It has been a while since I’ve been able to post here. I spent the summer revising and re-revising my memoir, and that left little time for anything else. 30,000 words later, I’m free from my first literary baby, but my new literary kiddo, the one about my military experience, has garnered interest from an agent, so I had to immediately get back to crafting. No complaints here. I am enjoying this work.

So many things I want to write about, I feel overwhelmed. I’d like to give tips on writing and the publishing process as I promised last year, but that all feels weak and pedestrian right now. The protests in Ferguson have my heart heavy, troubled, and I find it difficult to rest when I know there is turmoil occurring in the country I love so much. I’ve seen the racist comments inundating twitter, the ignorance spewing from all corners of facebook, and the news reports demonizing both, Darren Wilson and Mike Brown. All of these things have taken me back to a time I’ve often wanted to forget. What do we do with this anger, these feelings of helplessness? I have no answers.

As I gave my oldest a hug before sending him back to college, I felt that helplessness, that innate fear, I know every parent feels when they send a child out into the world, praying they come back intact. I’d imagine Brown’s mother felt that as she prepared to send her child to college and I’d imagine Darren Wilson’s parents felt that as they sent their child out into the world as an officer. There is sadness in all corners of this tragedy.

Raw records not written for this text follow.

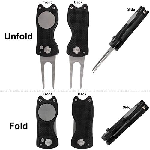 Golf Divot Repair Tool with Magnetic Ball Marker, Metal and Foldable Design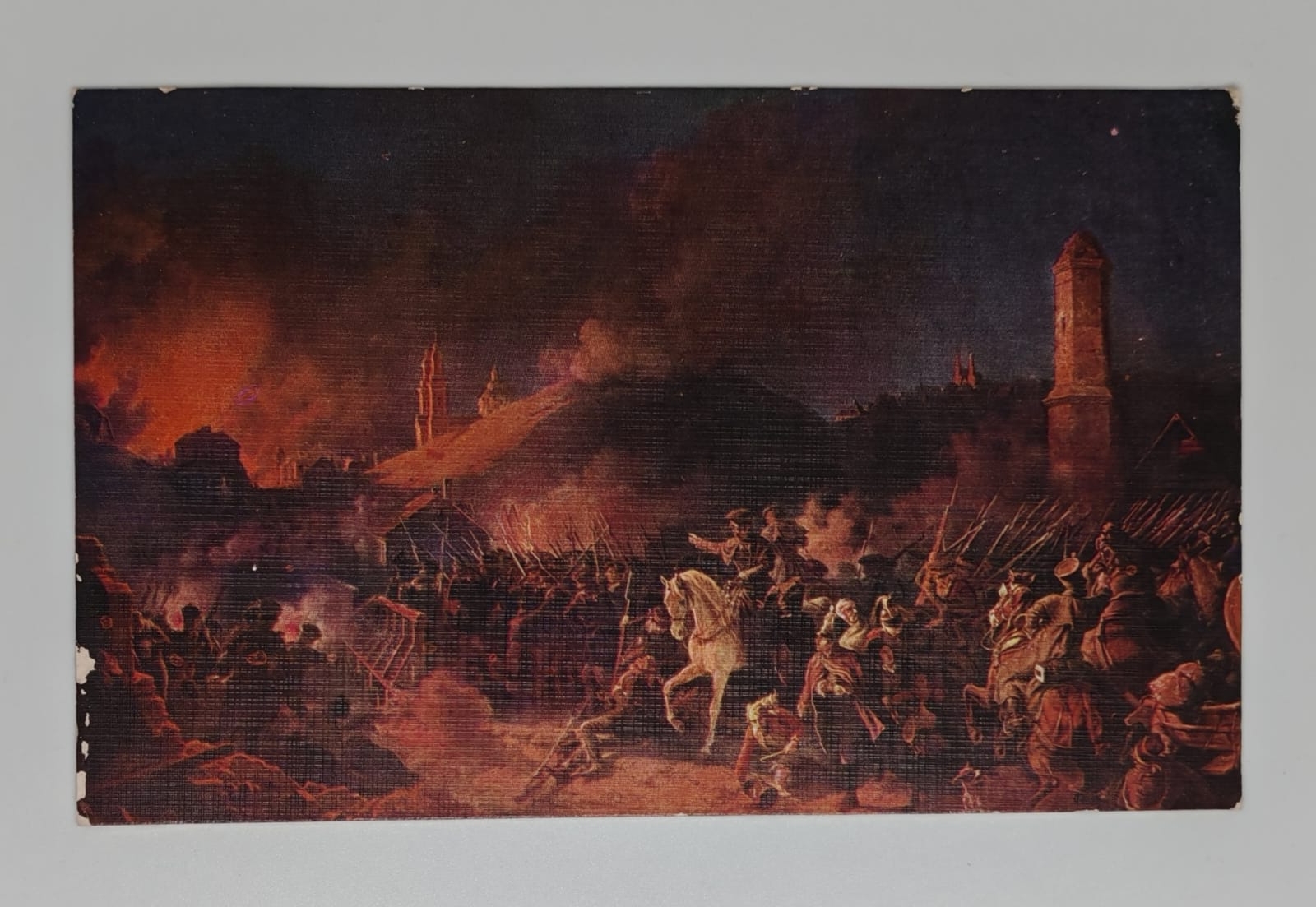 Original antique postcard depicting the Battle of Polotsk (Bataille de Polotsk), fought on 7 October 1812, one of the significant engagements of Napoleon’s Russian Campaign. The dramatic night scene — painted by Guesse — shows cavalry charges and infantry fighting under a smoke-filled sky, fires illuminating the chaos of battle across a wide panoramic composition typical of Romantic-era military art.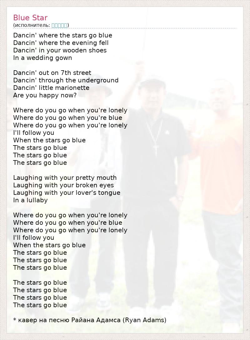 Dancin' where the stars go blue Dancin' where the evening fell Dancin' in your wooden shoes In a wedding gown Dancin' out on 7th street Dancin' through the underground Dancin' little marionette Are you happy now? Where do you go when you're lonely Where do you go when you're blue Where do you go when you're lonely I'll follow you When the stars go blue The stars go blue The stars go blue The stars go blue Laughing with your pretty mouth Laughing with your broken eyes Laughing with your lover's tongue In a lullaby Where do you go when you're lonely Where do you go when you're blue Where do you go when you're lonely I'll follow you When the stars go blue The stars go blue The stars go blue The stars go blue The stars go blue The stars go blue The stars go blue The stars go blue * кавер на песню Райана Адамса (Ryan Adams)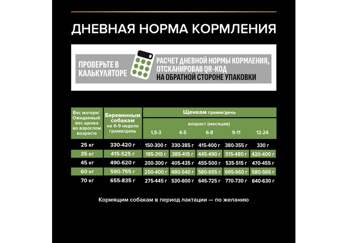 После полного прекращения кормления материнским молоком кормите согласно таблице. Скорректируйте дневную норму в соответствии с активностью вашей собаки, физическим состоянием и индивидуальными потребностями. Следите, чтобы у собаки всегда была чистая, свежая питьевая вода. Для контроля здоровья вашей собаки обращайтесь в ветеринарную клинику на регулярной основе. При наличии индивидуальных потребностей, щенок может быть переведен на комплекс Pro Plan® OPTIDIGEST® или Pro Plan® OPTIDERMA®.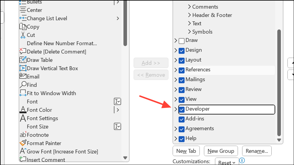 Vaihe 1:Ota kehittäjä-välilehti Wordissa napsauttamalla nauhaa hiiren kakkospainikkeella valitsemallaCustomize the Ribbonja tarkistaminenDeveloper.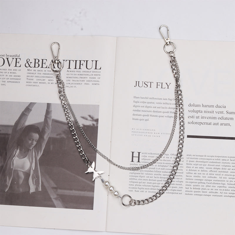 Cute Womens Pearls&Butterfly Jeans Chain Silver Double Layers Astronaut Wallet Chains Jeans Chain For Women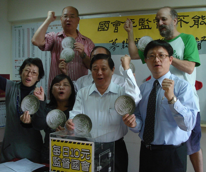 「國會要監督,不能沒有您!」景氣寒冬加上88風災捐款排擠效應,不少民間社團面臨募款困境,以監督立委為目的的公民監督國會聯盟(以下簡稱公督盟)同樣面臨即將斷炊的處境,今(13)日公督盟理事長顧忠華親自率多位民間團體領袖號召民眾「每日10元,監督國會」,前中研院院長李遠哲也響應加入捐款行列。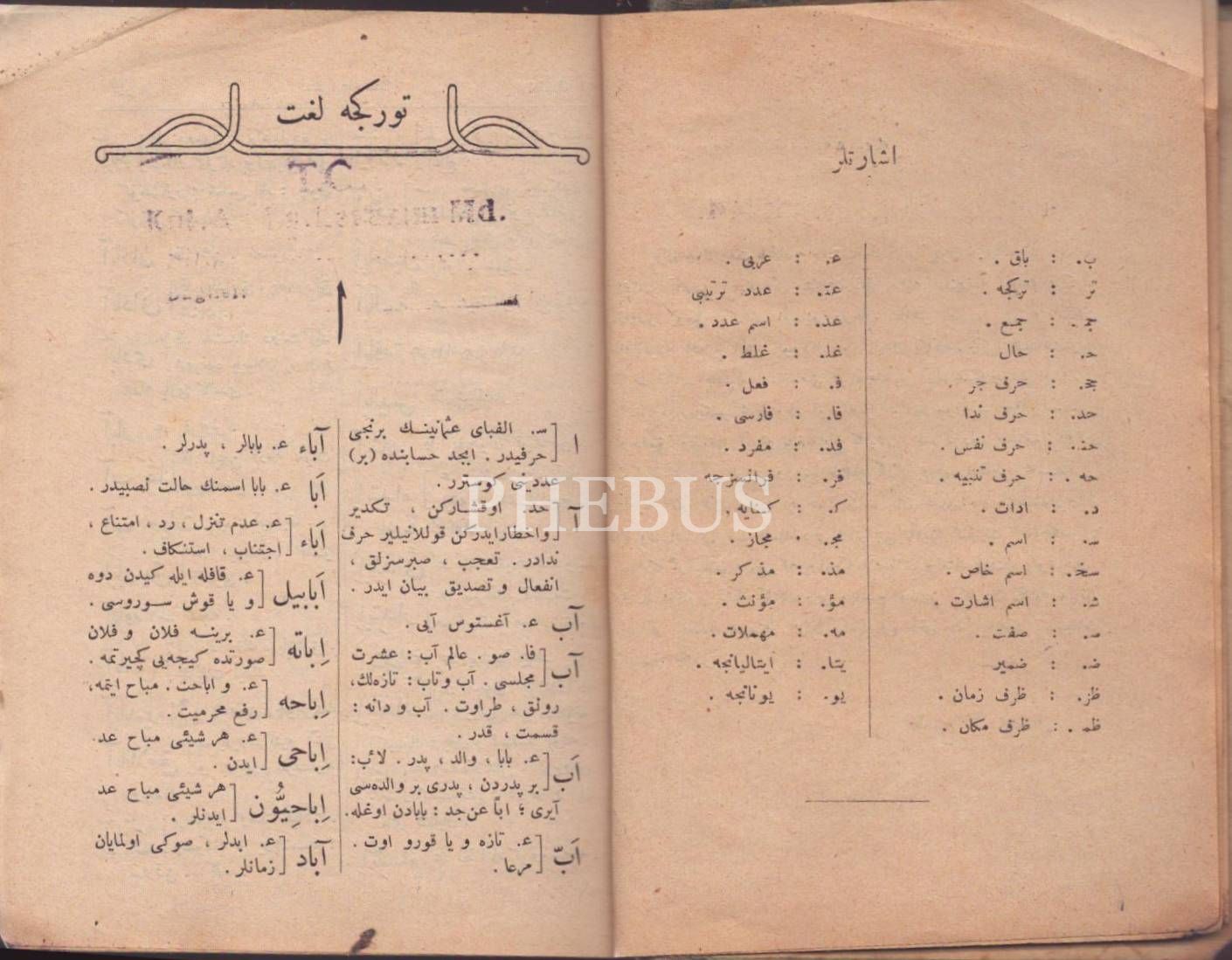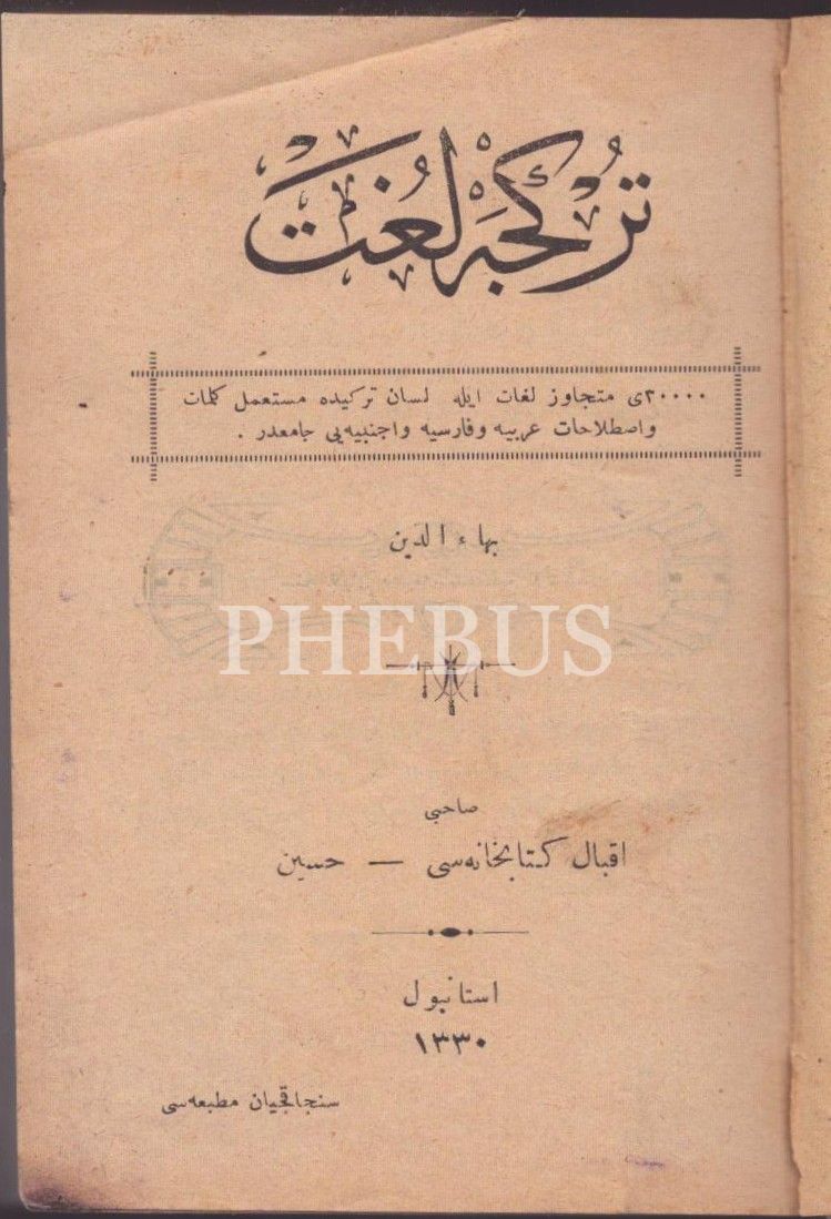 TÜRKÇE LÜGAT, Bahaeddin, Sancakciyan Matbaası, İstanbul 1330, 1196 s., 11x14 cm, cilt kapağı kırık haliyle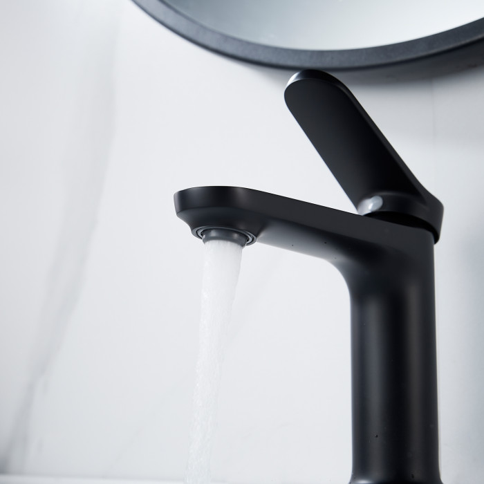 Выглядит стильно, матовый черный не маркий. Ход рычага плавный, напор регулируется точно. Из минусов - тяжёлый, пришлось аккуратно подтягивать крепеж.

I’ve struggled this last week, trying not to let the prejudices of others create prejudices in me, but it is so difficult. Every time I see someone heralding the death of Leslie McSpadden’s child a “win,” it gets harder and harder to find that bit of me that sees the best in others. As I stated, I have no answers, but I am praying we can find our way back to a better America than we had before. If we can remember Mike Brown is someone’s child and Darren Wilson is someone’s child, then maybe we can remember both of them are human.

Mike Brown’s death triggered something in me. Knowing his blood leaked on that hard street for hours, like he was roadkill, has stayed with me. I remembered being a little girl, watching many bodies grow cold as my eyes burned in my head. At that time, I thought, “They don’t care anything about us. We don’t exist to them.” I believed this of the white cops that walked over the bodies as they searched the scene and the black shooters, who left pieces of themselves when they took the life of someone who looked, acted, and wanted to live just like they did. I spent decades undoing those beliefs of invisibility, until I saw Mike Brown, dying alone, no one caring enough to cover him with a sheet.

I am clinging to the part of me that believes there is still hope and the whole world will one day see that brown bodies matter as much as white bodies. I refuse to go back to being that little girl, more angry than afraid. I refuse to believe we can’t come out of this a better America with policy changes that protect all of our citizens. I have to believe this, or I fear I will suffocate under the anger that “unbelief” yields.